10000it [00:15, 633.57it/s]

TimeMeasurement(context="Host-CPU","0:0:15.0:0.0", frames=10000, throughput=666.6666666666666)
loss: 1.4778948688983917
acc: 0.9841





# Part 3 - AMD Xilinx Vitis AI environment

This part is a guid how to run AMD Xilinx Vitis AI (Vitis AI / VAI as shortcuts):

1. Open console in directory with `lab_11` files 

(or create new cell and write commands with `!` at the beginning of line f.g. `!ls`).
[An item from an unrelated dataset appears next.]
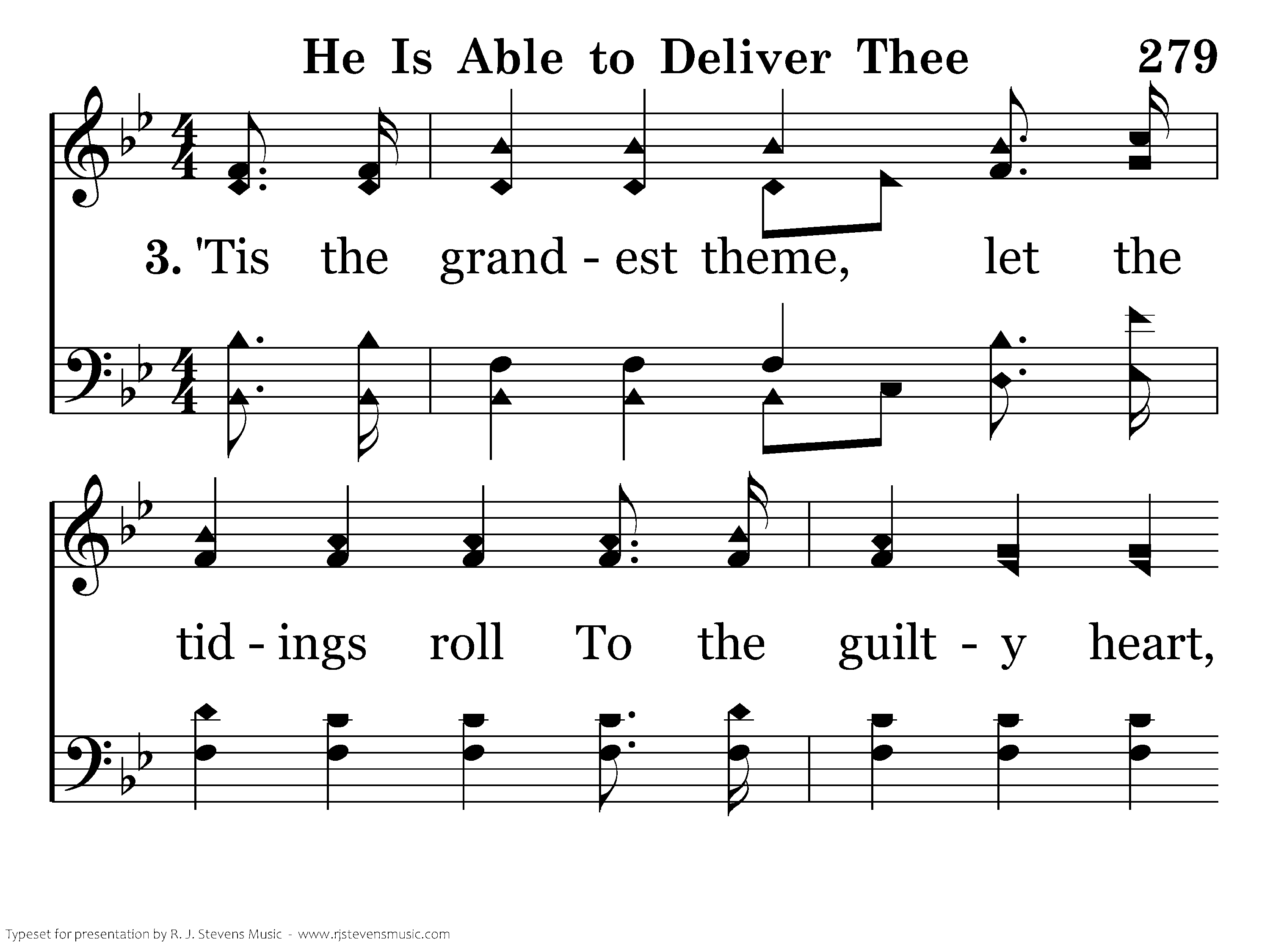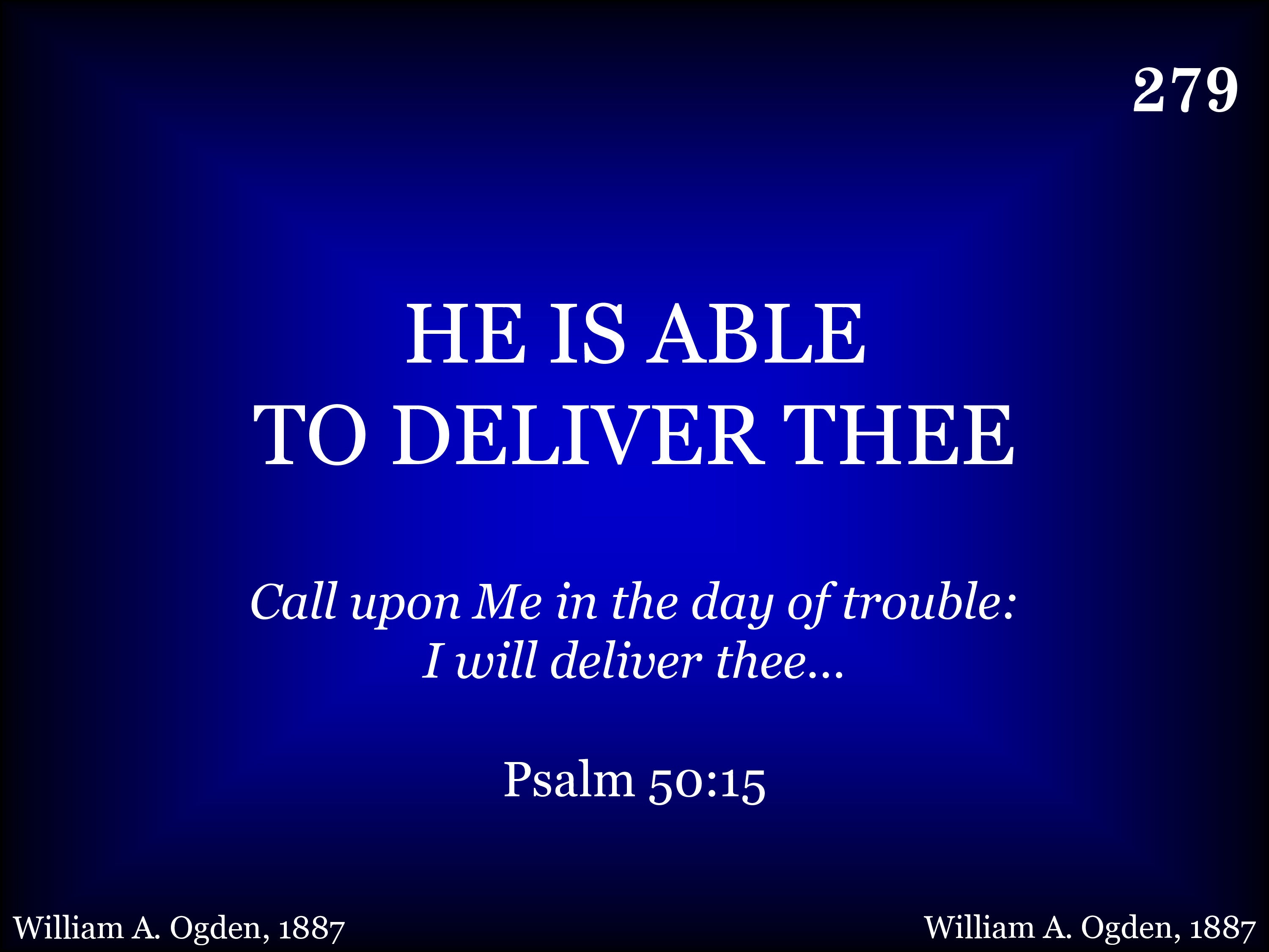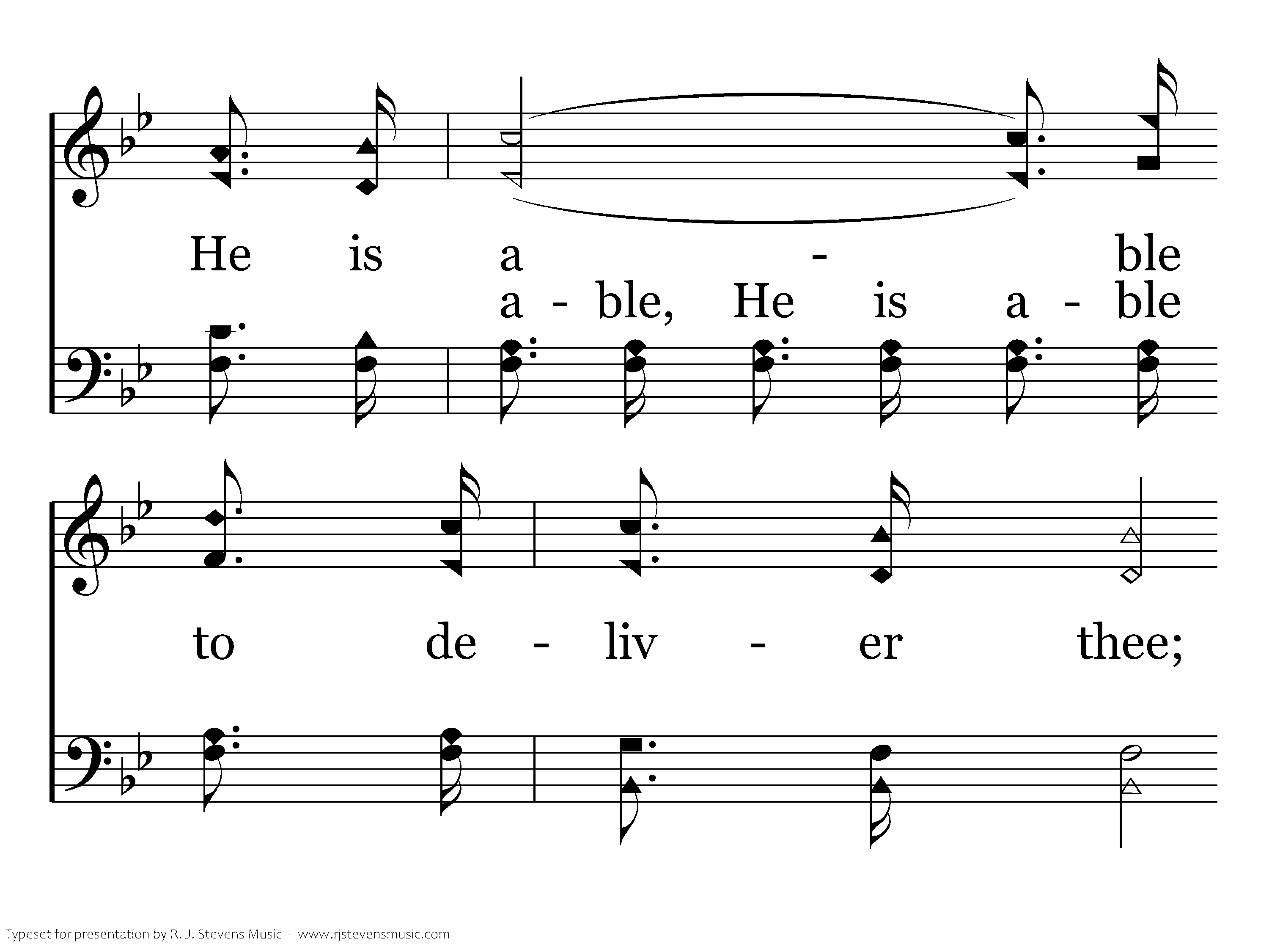 He is able to deliver thee, He is able to deliver thee, Tho' by sin oppressed,Go to him for rest, Our God is able to deliver thee.

2. Run docker container (preceded by some Xilinx consents of VAI usage) by running a script:

`./docker_run.sh xilinx/vitis-ai:1.4.916`

Mentioned script pulls (if it's necessary) the docker image of Vitis AI environment with version 1.4.916

and starts bash terminal.

This operation may take some time...

3. Now your terminal is placed in VAI container.

Current directory in container (`/workspace`) is mapped to directory where you run a VAI container
(`lab_11` directory).

4. Activate VAI conda environment dedicated for PyTorch library;

`conda activate vitis-ai-pytorch`

5. Run Jupyter server inside container.

`jupyter notebook --no-browser --ip=0.0.0.0 --NotebookApp.token='' --NotebookApp.password=''`
 
6. Save this file.

7. Open link to Jupyter's browser interface and run `notebook_quntize.ipynb`.